> _WHAT YOU WILL DO_: Give back every line of the material exactly. Skip the pictures.

> _RAW DATA_:
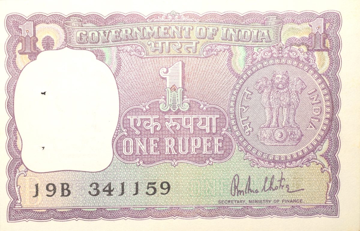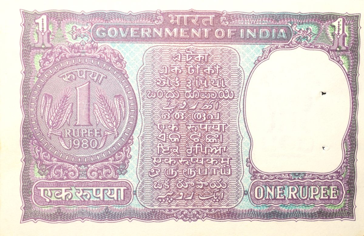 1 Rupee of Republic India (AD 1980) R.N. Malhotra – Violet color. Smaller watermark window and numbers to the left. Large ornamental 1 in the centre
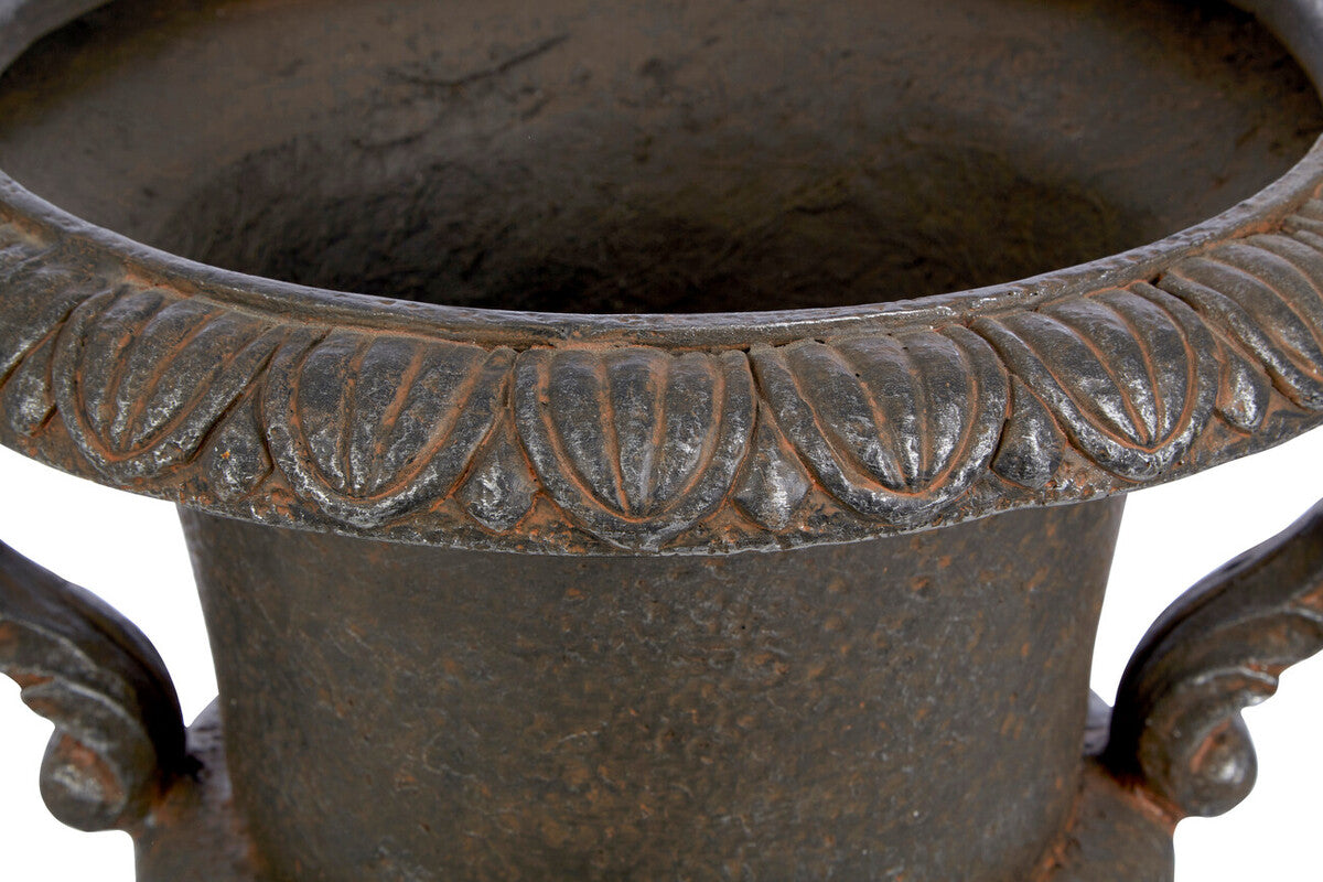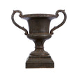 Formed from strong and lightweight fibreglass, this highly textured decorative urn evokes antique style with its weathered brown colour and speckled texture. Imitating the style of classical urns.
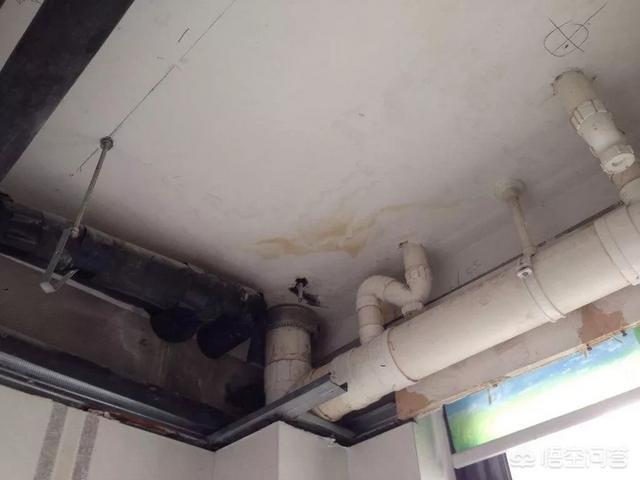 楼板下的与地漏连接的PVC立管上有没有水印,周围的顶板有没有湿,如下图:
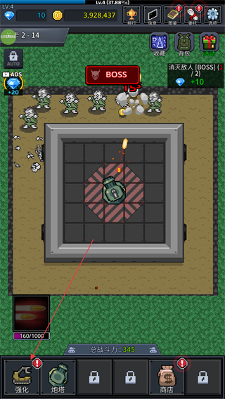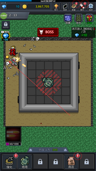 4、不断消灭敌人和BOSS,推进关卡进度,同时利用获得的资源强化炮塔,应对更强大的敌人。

> _RESULT OF THIS EXERCISE_:
 1 Rupee of Republic India (AD 1980) R.N. Malhotra – Violet color. Smaller watermark window and numbers to the left. Large ornamental 1 in the centre
 Formed from strong and lightweight fibreglass, this highly textured decorative urn evokes antique style with its weathered brown colour and speckled texture. Imitating the style of classical urns.
 楼板下的与地漏连接的PVC立管上有没有水印,周围的顶板有没有湿,如下图:
 4、不断消灭敌人和BOSS,推进关卡进度,同时利用获得的资源强化炮塔,应对更强大的敌人。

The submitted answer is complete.